The contemporary Orthodox Church sometimes idolizes them, even seems to put them above scripture, while quietly shuffling their misdeeds under the rug, but the fact is they were humans just like us, their squabbling no different than modern denominational disagreements, and yet, underneath it all, they had a common faith that they could have practiced in peace and love, had they put away the works of the flesh.
Yes, faith in God and in His Christ is one thing, and faith as a body of doctrine quite another, yet we use the same word for both. This has been largely responsible for the decline of Christianity throughout the ages, and especially now, when we are living not in a post-Christian age, but deservedly in a post-church one.
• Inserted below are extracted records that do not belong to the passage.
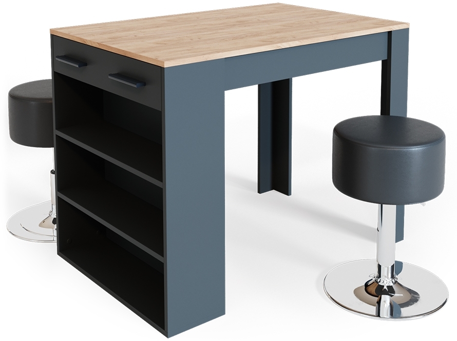 Esstisch-Set Repose Anthrazit/Goldkraft Eiche 67 x 100 cm mit 2 Hockern Vicco
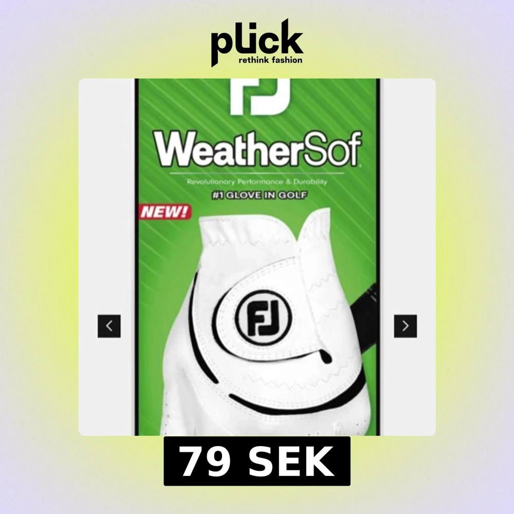 Snygga vita golfhandskar från FootJoy WeatherSof med svart detalj och tydlig FJ-logga på ovansidan. Handskarna har perforeringar för extra ventilation och en klassisk design som passar perfekt för golfbanan. Höger handske
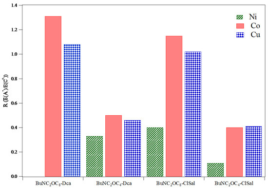 Ion-pairing is the dominant mechanism with BuNC2OC8+ cation. Indeed, for all systems, except for Cu(II)/BuNC2OC8-ClSal, the ratio E(A)/E(C+) values are close and even may exceed 1 (Figure 7). A value higher than 1 means that the anions of the metal salt are more efficiently extracted than metal itself and suggests the possibility of anion exchange between the anion of the ionic liquid and the nitrate ions. This may take place during the extraction of Co.(II) in BuNC2OC8-Dca (R = 1.3) and to a small extent with BuNC2OC8-ClSal (R = 1.1).
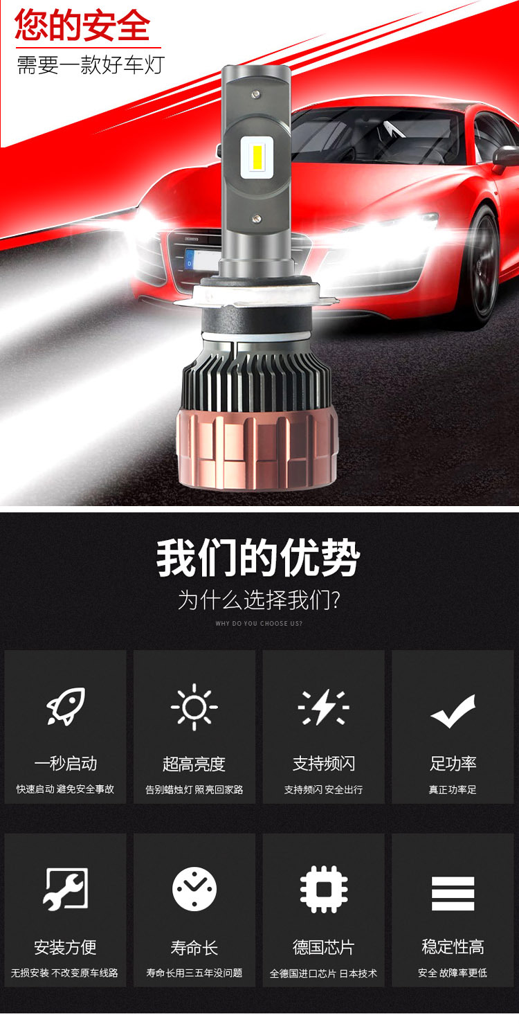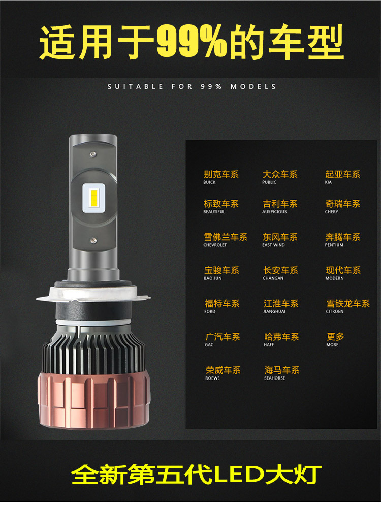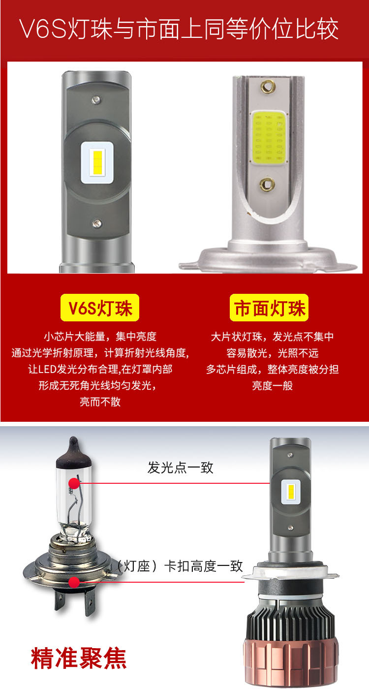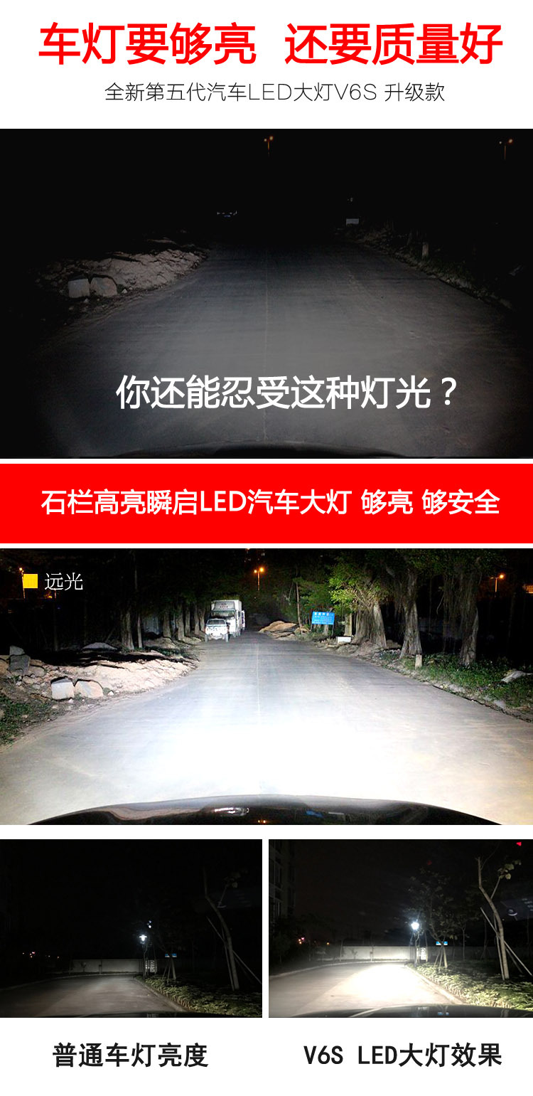 汽车led大灯远近光LED汽车大灯H1 H3 H7 H8 H11 9005 9006 led前照灯V6款

Church is people in Christ. We can institutionalise ‘church’ just as church has institutionalized ‘faith.’ We think we do this to preserve both, yet we do exactly the opposite.
Christianity is not and never was perpetuated by institutions, only by what C. S. Lewis so aptly called ‘good infection.’ In our studies of the Bible and the Church fathers, we should never forget that it is only God and His Christ, Jesus, and what He has won for us, that matters.